Zebra finch performance is influenced by syllable features

Zebra finch song syllables can be categorized into distinct syllable types (7–12 types) using acoustic features that are standard in many sound analysis programs49,52,53. In order to investigate how performance was related to syllable features, we quantified the following acoustic measures for each syllable from all three male’s motifs used as background stimuli: duration, fundamental frequency, mean frequency, peak frequency, goodness of pitch (referred to here as “harmonicity”), frequency modulation, amplitude modulation, entropy, spectral continuity over time, and spectral continuity over frequency.

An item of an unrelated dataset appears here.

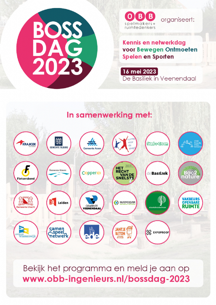 Op 16 mei 2023 organiseert OBB spelmakers + ruimtedenkers daarom dit ultieme kennis- en netwerkmoment: de BOSSdag 2023, voor ambtenaren van regionale en lokale overheden op het gebied van BOSS (bewegen, ontmoeten, spelen en sporten) in de openbare ruimte.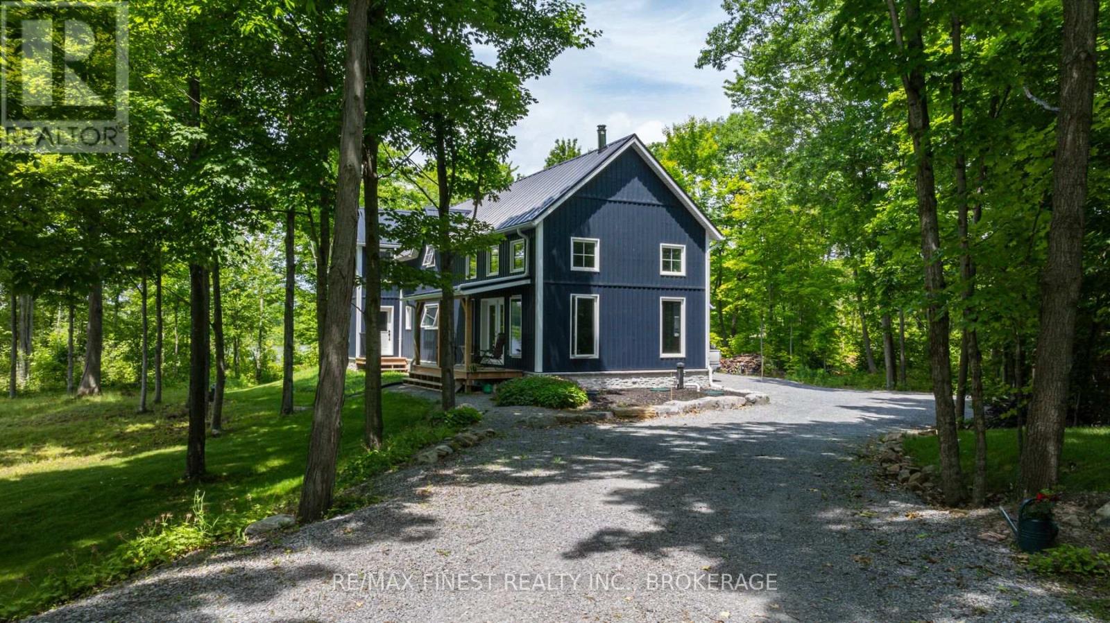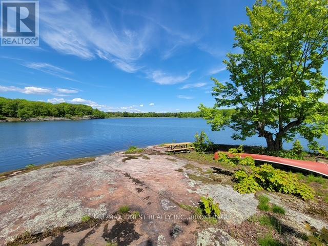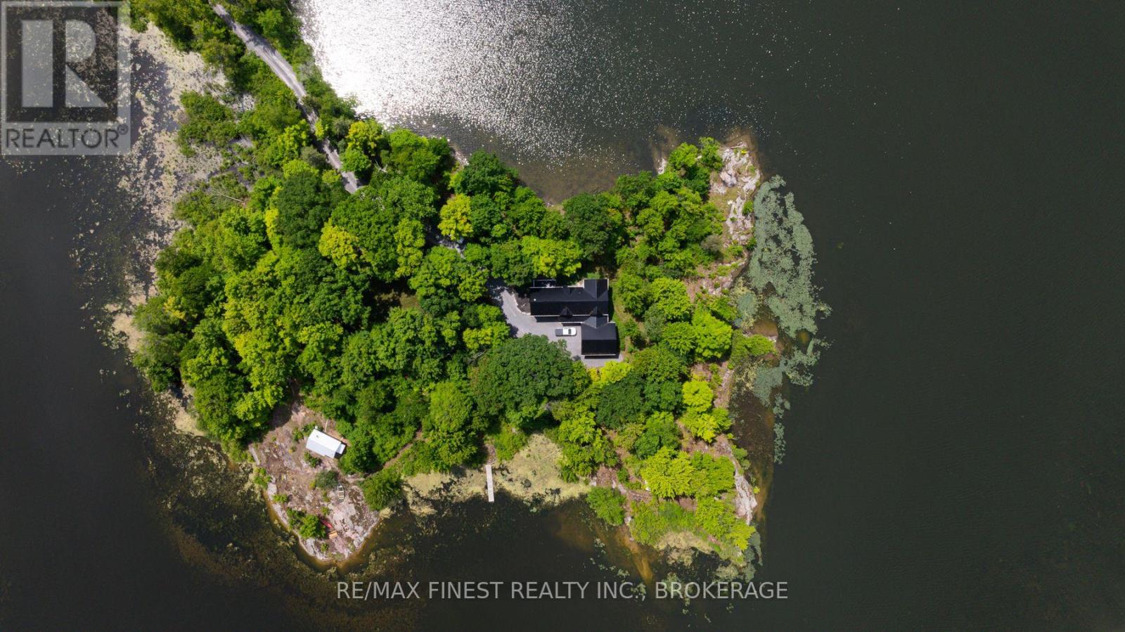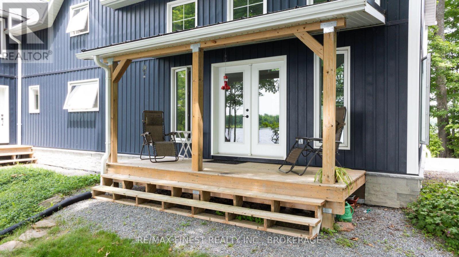 Welcome to 3855 Hideaway Lane, where privacy, luxury and nature abide. Drive through the treed 5.7 acre peninsula via a private laneway with water visible on both sides. This dream lakeside oasis boasts 2800' of waterfront on the historic Rideau Canal at Dog Lake. 360 degree breathtaking water views from every window in this Marine Dusk vinyl sided 4 year new custom built home, boasting 17' ceilings in the 'Great Room', which is overlooked by the Media Room on the second floor. An efficient centrally placed WETT certified woodstove sets the atmosphere as you break the evening chill. From the grand entrance you enter the open concept kitchen adorned with a granite island. Gunsmoke oak hardwood flooring throughout. With an energy efficient heat pump/AC, this meticulously built 2100 square foot home was built on an ICF foundation and has a heated, dry crawl space. It boasts three bedrooms, two on the ground level and one upstairs. The westerly facing bedroom, located steps from the water, has a private entrance suitable for an in-law suite or bed and breakfast accommodation. The main floor laundry leads to the attached double car garage with an unfinished loft accessible by staircase and is suitable for storage or a man-cave. On the second floor adjacent to the Media Room you find the master bedroom with an all season glassed in sunroom overlooking the lake. This spacious bedroom has a walk in closet and an ensuite. As if this luxurious retreat isn't enough, 150 meters from the house you will find a renovated bunkie with electricity, woodstove, running water and a composting toilet on a granite outcropping overlooking Milburn Bay. Presently used as an Airbnb, the cabin is a favourite for repeat guests who love the privacy, canoeing, fishing and unparalleled views. A 25 minute drive to Kingston, 8 minutes from a public beach (Gilmour Point) and two public boat launches in the immediate vicinity, book your viewing today! (id:64974)

We used linear regression models to ask what features of the background syllables explained differences in performance on discriminating syllable renditions (Table 1). Overall, performance was related to mean frequency, duration, and harmonicity of the background syllables, such that higher frequency syllables tended to be more easily discriminated and, depending on the motif, syllables longer in duration and more harmonic were more easily discriminated. Figure 2 shows which syllable renditions were easiest and hardest for each motif. Note that while the spectrogram and time waveform are useful for visualizing the acoustic differences between types of syllables, they do not capture the rendition-to-rendition acoustic variation that zebra finches are so easily able to discriminate. Still, these results provide insight into what types of syllables might be particularly good sources for behaviorally relevant information in rendition-to-rendition variation.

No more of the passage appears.